3. DISCONTINUED OPERATIONS
During the fourth quarter of 1996, Thinking Machines Corporation
("Thinking Machines") adopted a plan to terminate its parallel processing
computer sales and service business. Consequently, the operating results
of this segment have been classified as discontinued operations, and the
quarterly results for 1996 have been reclassified. Accordingly, the
financial statements reflect the financial position and the results of
operations of the discontinued operations of Thinking Machines separately
from continuing operations.
Summarized operating results of the discontinued operations of Thinking
Machines are as follows:
<TABLE>
<CAPTION>
THREE MONTHS ENDED NINE MONTHS ENDED
SEPTEMBER 30, SEPTEMBER 30,
1997 1996 1997 1996
---- ---- ---- ----
<S> <C> <C> <C> <C>
Revenues......................... $ -- $ 3,318 $3,386 $12,115
========== ======= ===== ======
Operating income (loss).......... $ -- $ (9,409) $ 950 $ (8,044)
========== ======= ====== =======
Income (loss) before income
taxes and minority interests.. $ -- $ (9,409) $ 950 $ (8,044)
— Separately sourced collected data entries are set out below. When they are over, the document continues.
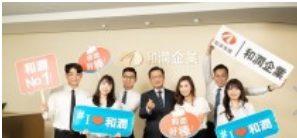
和潤企業打造幸福職場

哺乳室 週休二日 家庭照顧假 勞保 健保 陪產假 產假 特別休假 育嬰留停 女性生理假 勞退提撥金 安胎假 產檢假 就業保險 防疫照顧假 員工體檢 職災保險
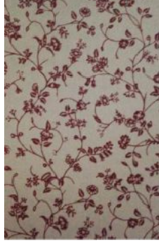
Şekil 21: Ashley, L. (1975). Yabani Sarmaşık isimli tekstil. "Yirminci Yüzyıl Desen Tasarımından: Tekstil ve Duvar Kâğıdı Öncüleri", L. Jackson, 2002, s. 185. (Thoreson, 2016, 23).

Üçüncü neden ise, tanıdık bir nakarata anımsatıyor. 1970'lerin tartışmasında görüldüğü gibi, ekonomik durgunluk, petrol krizi ve başarısız endüstri, kırsalcılığa yönelmeye neden oldu. Sparke'a göre; "1970'lerin başında, İngiliz toplumu, 1940'lı, 50'li ve 60'lı yılların daha iyimser iklimi sırasında, güvenliğini, evde olduğundan daha az hissetmeye başladı ve geçmişe ani bir geri dönüş yaşadı". Bu dönüşün sonucu, bir tasarım durgunluk dönemi değildi, fakat halkın modernite ile olan ilişkisinde onarılamaz bir değişiklik oldu. Sparke, savaş sonrası İngiliz iç mekanlarını karakterize eden "gelenek ve modernite arasındaki ince dengenin" daha bariz bir gelenekçilik lehine kaybedildiğini açıklamaktadır (Sparke, 2012, 120-137).
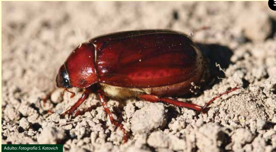
Adulto: Fotografía S. Katovich
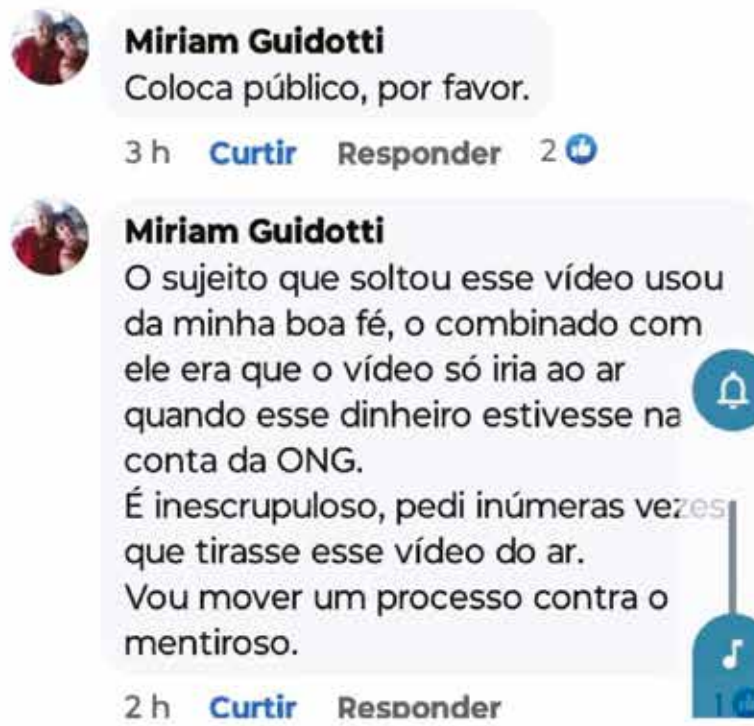
Indignada, Presidente da ONG o chamou de inescrupuloso
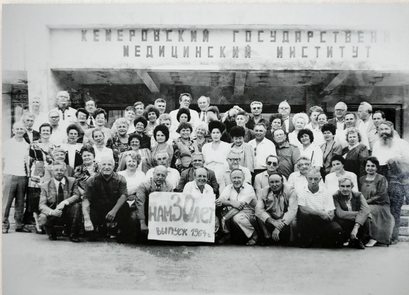
Встреча курса через 30 лет, 1994 г.
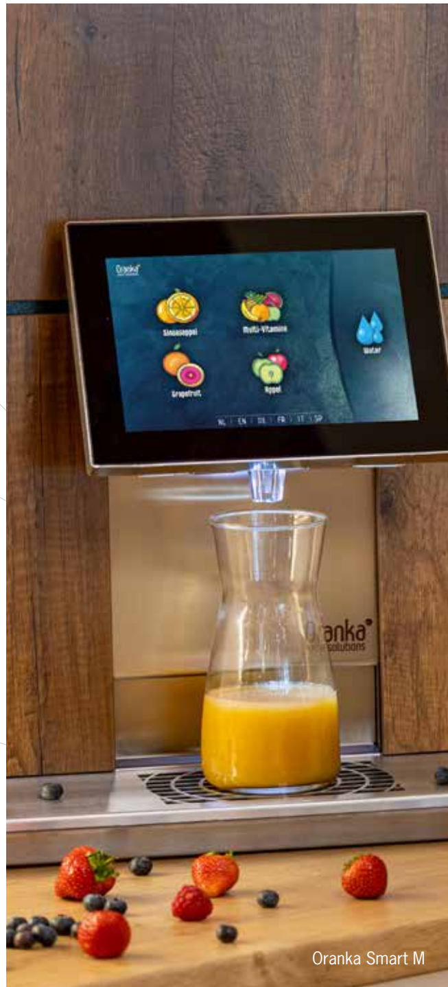
Oranka Smart M
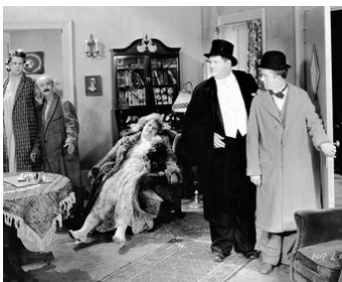
1931 JUSTE NOCÉS (Our Wife) de James W. Horne avec Blanche Payson, Laurel & Hardy
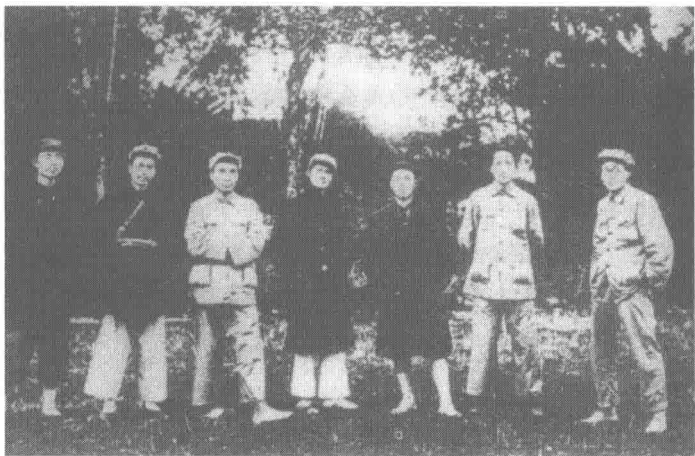
1931年11月，中央苏区中央局委员合影（右3为项英）

江岸工人俱乐部，由此开始了职业工人运动的生涯。1922年项英入党，项英这个名字是他入党后开始用的，一直到他牺牲。
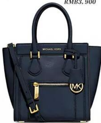
Michael Kors Colette 中号手袋 RMB3,900
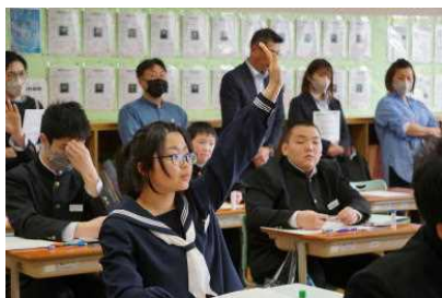
2年数学：多項式の加減法
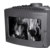
Braskaminer & Spisistatser
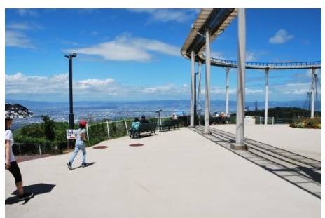
生駒山頂公園(乗り物沢山有り)
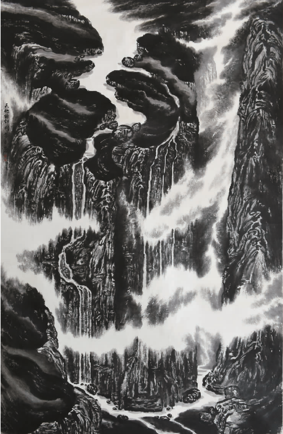
《天地俯仰间》335cm x 215cm

Minority interests............... $ -- 4,070 (367) 3,543
---------- ------- ------ -------
Net income (loss)................ $ -- $ (5,339) $ 583 $ (4,501)
========== ======= ====== =======
</TABLE>
In April 1997, Thinking Machines sold the remaining part of its
discontinued operations for $2,405 in cash and a percentage of certain
future operating profits. The sale resulted in the Company recording a
loss on disposal of discontinued operations of $470, after the recognition
of minority interests of $592 and the write-off of goodwill of $1,410. In
July 1997, Thinking Machines received its first installment on the
operating profits from the discontinued operations which the Company
recorded as a gain on discontinued operations of $256.
4. INCOME TAXES
At September 30, 1997, the Company had approximately $100,000 of
unrecognized net deferred tax assets, comprised primarily of net operating
loss carryforwards, available to offset future taxable income for federal
tax purposes. A valuation allowance has been provided against the amount
as it is deemed more likely than not that the benefit of the deferred tax
assets will not be utilized. The Company continues to evaluate the
realizability of the deferred tax assets and its estimate is subject to
change. The income tax provision (benefit), which principally represented
the effects of state income taxes, for the nine months ended September 30,
1997 and 1996, does not bear a customary relationship with pre-tax
accounting income principally as a consequence of the change in the
valuation allowance relating to deferred tax assets.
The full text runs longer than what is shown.